It means, also, that Wikidata
has not really integrated
into our catalog.
But that's also more difficult.
Okay, we have to give the floor
to Ursula for the next part.
(Ursula) Thank you very much, Heleen.
So, I will talk about our experiences
with incorporating Wikidata elements
to our web dossier.
A web dossier is--oh, sorry, yeah, sorry.
A web dossier, or a classical web dossier,
consists of three parts:
an introduction to the subject,
mostly written by one of our researchers;
a selection of titles, both books
and articles from our collection;
and the third part, an annotated list
with links to electronic resources.
And this year, we added a fourth part
to our web dossiers,
which is the Wikidata elements.
And it all started last year,
and my story is similar
to the story of Olaf, actually.
Last year, when I had no clue
about Wikidata,
and I discovered this wonderful
article by Alex Stinson
on how to write a query in Wikidata.
And he chose a subject--
a very appealing subject to me.
Namely, "Discovering Women Writers
from North Africa."
I can really recommend this article,
because it's very instructive.
And I thought I will be--
I'm going to work on this query,
and try to change it to:
"Southern African Women Writers,"
and try to add a link
to their work in our catalog.
And on the right-hand side,
you see the SPARQL query
which searches for
"Southern African Women Writers."
If you click on the button,
on the blue button on the lefthand side,
the search result will appear beneath.
The search result can have
different formats.
In my case, the search result is a map.
And the nice thing about Wikidata
is that you can embed
to this search result
into your own webpage,
and that's what we are now doing
with our work dossiers.
So, this was the very first one
on Southern African women writers,
listed classical three elements,
plus this map on the lefthand side,
which gives extra information--
a link to the Southern African
women writer--
a link to her works in our catalog,
and a link to the Wikidata record
of her birth place, and her name,
her personal record, plus a photo,
if it's available on Wikidata.
And you have to retrieve a nice map
with a lot of red dots
on the African continent.
You need nice data in Wikidata,
complete, sufficient data.
So, with our second web dossier
on public art in Africa,
we also started to enhance
the data in Wikidata.
In this case, for a public art--
we edited geo-locations--
geo-locations to Wikidata.
And we also searched for works
of public art in commons,
and if they don't have
a record on Wikidata yet,
we edited the record to Wikidata.
And the third thing we do,
because when we prepare a web dossier,
we download the titles from our catalog,
and the tiles are in MARC 21,
so we have to convert them to a format
that is presentable on the website,
and it takes not much time and effort
to convert the same set of titles
to Wikidata QuickStatements,
and then, we also upload
a title set to Wikidata,
and you can see the titles we uploaded
from our latest web dossier
on African proverbs in Scholia.
A really nice tool
that visualizes Scholia publications
being present in Wikidata.
And, one second--when it is possible,
we add a Scholia template
to our web dossier's topic.
Thank you very much.
(applause)
Thank you, Heleen and Ursula.
Next we have Adrian Pohl
presenting using Wikidata
to improve spatial subject indexing
and regional bibliography.
Okay, hello everybody.
I'm going right into the topic.
I only have ten minutes to present
a three-year project.
It wasn't full time. (laughs)
Okay, what's the NWBib?
It's an acronym for North-Rhine
Westphalian Bibliography.
It's a regional bibliography
that records literature
about people and places
in North Rhine-Westphalia.
And the monograph's in it--
there are a lot of articles in it,
and most of them are quite unique,
so, that's the interesting thing
about this bibliography--
because it's often
less quite obscure stuff--
local people writing
about that tradition,
and something like this.
And there's over 400,000 entries in there.

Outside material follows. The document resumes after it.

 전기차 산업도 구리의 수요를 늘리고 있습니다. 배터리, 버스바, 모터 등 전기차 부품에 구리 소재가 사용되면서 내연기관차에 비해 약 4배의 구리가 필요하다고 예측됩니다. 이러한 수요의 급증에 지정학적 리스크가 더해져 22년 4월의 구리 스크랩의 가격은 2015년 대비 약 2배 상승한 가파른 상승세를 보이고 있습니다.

And the bibliography started in 1983,
and so we only have titles
from this publication year onwards.
If you want to take a look at it,
it's at nwbib.de,
that's the web application.
It's based on our service,
lobid.org, the API.
Because it's cataloged as part
of the hbz union catalog,
which comprises around 20 million records,
it's an [inaudible] Aleph system
we get the data out of there,
and make RDF out of it,
and provide it as via JSON
or the HTTP API.
So, the initial status in 2017
was we had nearly 9,000 distinct strings
about places--referring to places,
in North Rhine-Westphalia.
Mostly, those were administrative areas,
like towns and districts,
but also monasteries, principalities,
or natural regions.
And we already used Wikidata in 2017,
and matched those strings
with Wikidata API to Wikidata entries
quite naively to get
the geo-coordinates from there,
and do some geo-based
discovery stuff with it.
But this had some drawbacks.
And so, the matching was really poor,
and there were a lot of false positives,
and we still had no hierarchy
in those places,
and we still had a lot
of non-unique names.
So, this is an example here.
Does this work?
Yeah, as you can see,
for one place, Brauweiler,
there are four different strings in there.

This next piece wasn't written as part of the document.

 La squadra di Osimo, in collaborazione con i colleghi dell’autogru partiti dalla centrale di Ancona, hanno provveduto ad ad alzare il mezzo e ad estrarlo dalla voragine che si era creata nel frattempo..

So, we all know how this happens.
If there's no authority file,
you end up with this data.
But we want to improve on that.
And as you can also see,
that while the matching didn't work--
so you have this name of the place
and there's often the name
of the superior administrative area,
and even on the second level,
a superior administrative area
often in the name
to identify the place successfully.
So, the goal was to build a full-fledged
spatial classification based on this data,
with a hierarchical view of places,
with one entry or ID for each place.
And we got this mock-up
by NWBib editors in 2016, made in Excel,
to get a feeling of what
they would like to have.
There you have the--
Regierungsbezirk--
that's the most superior
administrative area--
we have in there some towns
or districts--rural districts--
and then, it's going down
to the parts of towns,
even to this level.
And we chose Wikidata for this task.
We also looked at the GND,
the Integrated Authority File,
and GeoNames--but Wikidata
had the best coverage,
and the best infrastructure.
The coverage for the places
and the geo-coordinates we need,
and the hierarchical
information, for example.
There were a lot of places,
also, in the GND,
but there was no hierarchical
information in there.
And also, Wikidata provides
the infrastructure
for editing and versioning.
And there's also a community
that helps maintaining the data,
which was quite good.
Okay, but there was a requirement
by the NWBib editors.
They did not want to directly
rely on Wikidata,
which was understandable.
We don't have those servers
under our control,
and we won't know what's going on there.
There might be some unwelcome edits
that destroy the classification,
or parts of it, or vandalism.
So, we decide to put
an intermediate SKOS file in between,
on which the application would--
which should be generated from Wikidata.
And SKOS is the Simple Knowledge
Organization System--
it's the standard way to model
a classification in the linked data world.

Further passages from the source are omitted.